ModelSamplerEstimator.estimate_num_steps_sampling#

ModelSamplerEstimator.estimate_num_steps_sampling(model, *, tune=None, draws=None, seed=None, nuts_kwargs=None, mcmc_kwargs=None)[source]#

Estimate total number of NUTS steps during warmup + sampling using NumPyro.

Parameters:
modelModel

PyMC model to estimate steps for using a JAX/NumPyro NUTS kernel.

tuneint | None, optional

Warmup iterations. Defaults to the estimator setting if None.

drawsint | None, optional

Sampling iterations. Defaults to the estimator setting if None.

seedint | None, optional

Random seed for the JAX run. Defaults to the estimator setting if None.

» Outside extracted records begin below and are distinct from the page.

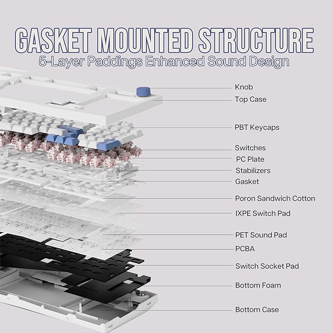 - 【Gasket Mount, PC Plate & Enhanced Sound Design】 Designed for a superior typing experience, the Feker Alice98 mechanical keyboard features a gasket mount structure with a PC plate, offering a soft, consistent typing feel across the entire keyboard. To further enhance the typing experience, the keyboard includes sound-improving materials such as Poron sandwich foam, an IXPE switch pad, PET film, EPDM socket foam, and case foam. These layers work together to minimize noise and provide a rich, satisfying typing sound, making every keystroke a pleasure.
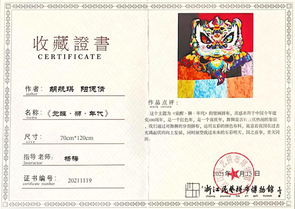 《觉醒·狮·年代》浙江民艺拼布博物馆收藏证书
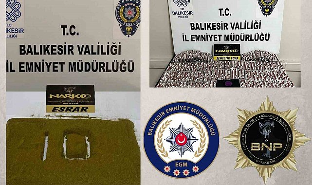 Balıkesir'in Karesi ve İvrindi ilçelerinde narkotik polis ekiplerinin 2 ayrı operasyonda 2 şahsa uyuşturucu operasyonu düzenlendi. Polis ekipleri operasyonlarda bin 357 sentetik hap ve 256 gram toz esrar ele geçirildi.Balıkesir İl Emniyet Müdürlüğü narkotik ekipleri projeli çalışma dahilinde, Karesi ve İvrindi ilçelerinde 2 ayrı operasyonda; bin 357 adet sentetik hap, 256 gram toz esrar ele geçirildi. Operasyonlarda yakalanan 1 şahıs tutuklanırken, diğer şüpheli şahıs hakkında tahkikatın devam ettiği öğrenildi.Uyuşturucu madde satıcılığı yapanlar ve suçlularla mücadelenin aralıksız devam edeceği açıklandı.
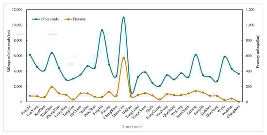 The change in spatial pattern is the concrete manifestation of the driving factors behind it. When detecting the influence of each impact factor on the spatial differentiation characteristics of highway passenger traffic, it is found that the nighttime light area index (0.9251, 0.9512, 0.9541) has the strongest explanatory power for the spatial differentiation of highway passenger flow among the factor detection results, which may be because the nighttime light data can be easily obtained as an objective data source, is well-recognized for weak light sources generated by human activities and can indirectly reflect the range of human activities and the degree of urbanization. However, the per capita GDP (0.4704, 0.4771, 0.4751) and highway mileage (0.2375, 0.2369, 0.2347) have weak explanatory power for the spatial differentiation of passenger traffic. The per capita GDP has weak explanatory power on passenger flow, which may be due to its strong subjectivity as a macroeconomic factor and its weak sensitivity to the change of passenger flow in a short time. Thus, it is difficult to accurately describe the distribution of passenger traffic. In addition, the per capita GDP can reflect the quality of life in the region. With the improvement of the quality of life of residents, other alternative modes of transportation, such as private cars, aviation, railways and so on, have emerged to reduce their impact on road passenger flow. Because the mileages of freeway and other road types are both included in highway mileage, the two types of roads are divided to explore the reason why the highway mileage has the weakest explanatory power on passenger flow. Road mileages of different types in Chongqing (Figure 10) show that the mileage of other roads in districts is significantly more than the mileage of freeway. The factor detector is used to explore the explanatory power of freeway and other roads to passenger flow. The result of factor detector shows that the explanatory power of other roads is 0.3840, 0.4048 and 0.3997, respectively. But the explanatory power of freeway is 0.8234, 0.8616 and 0.8730, respectively. This indicates that freeway mileage may better explain the spatial differentiation of passenger traffic compared to other roads mileage []. Chongqing has complex terrain and large differences in altitude, which makes population, economy, and policy mostly concentrated in relatively flat areas []. And the construction of the freeway is inseparable from these conditions. These conditions, in turn, will increase the flow of passengers in districts.

nuts_kwargsdict | None, optional

Additional keyword arguments passed to numpyro.infer.NUTS. If not provided, the estimator’s default_nuts_kwargs are used. Provided values override the defaults.

mcmc_kwargsdict | None, optional

Additional keyword arguments passed to numpyro.infer.MCMC (excluding num_warmup and num_samples, which are set by tune/draws). If not provided, the estimator’s default_mcmc_kwargs are used. Provided values override the defaults.

Returns:
int

Total number of leapfrog steps across warmup + sampling.